Cuando llegué a Asunción, parecía el día después del Apocalipsis. Todo estaba cerrado y no había ni un alma en las calles. Me comentaron más tarde que había llegado en día festivo. La ciudad tiene aires de tierra de nadie y eso, junto con la fina lluvia y la soledad, me habían dado un poco de miedo. Pero al día siguiente, la ciudad me conquistó totalmente.
Asunción no tiene un gran interés turístico fundamental, su atractivo es otro: la tremenda amabilidad de su gente. En América del Sur en general esperamos un sentido de la hospitalidad único en mundo, pero éste se ve reforzado en el pequeño Paraguay, incluso en su ciudad más grande.
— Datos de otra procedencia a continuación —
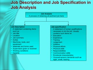 This document discusses job analysis, which involves analyzing jobs to develop job descriptions and specifications. It defines job descriptions as statements containing details of job duties, equipment used, supervision, and working conditions. Job specifications define the necessary human qualifications, such as education, experience, skills, and traits. The document outlines the process of job analysis and methods for collecting job data. It explains that job analysis provides competitive advantages and is used for personnel planning, performance appraisal, hiring, training, job evaluation, health and safety, and other functions.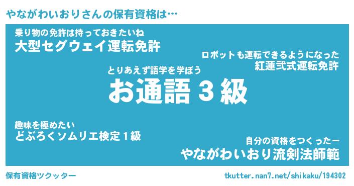 | ヒーロー風カッコイイあだ名 | 『スーパーヤナガワイオリ』 |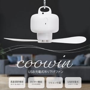 USB 充電式 吊り下げファン クーウィン 扇風機 カラビナ 吊り下げ USBファン 室内干し アウトドア USB充電 サーキュレーター おしゃれ 風量調節 リモコンつき

Los locales siempre tienen una sonrisa para uno, ganas de hablar y de ofrecer su ayuda, Y siempre se les ilumina la mirada al saber que venimos de Europa.
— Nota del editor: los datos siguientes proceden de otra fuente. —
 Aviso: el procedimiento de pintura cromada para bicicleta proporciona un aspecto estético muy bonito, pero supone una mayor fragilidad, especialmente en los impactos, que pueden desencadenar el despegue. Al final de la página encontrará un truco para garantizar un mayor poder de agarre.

Nunca me sentí inseguro, ni en las pequeñas calles del mercado quatro, ni en el centro de la ciudad, apenas separada de las favelas por una balaustrada y algunos árboles. Pero algunos niños, como angelitos, me aconsejaron que diera la vuelta. De todos modos, el puerto me esperaba con su espectáculo retro-futurista, las largas tuberías de los tanques sépticos que se sumergen en el agua a la vista. Increíble. Los letreros de las calles, entre los más bellos de todos el continentes, pueden rivalizan ampliamente con los de Valparaíso. En resumen, no escuché a los amigos que me habían advertido no visitar Asunción e hice bien.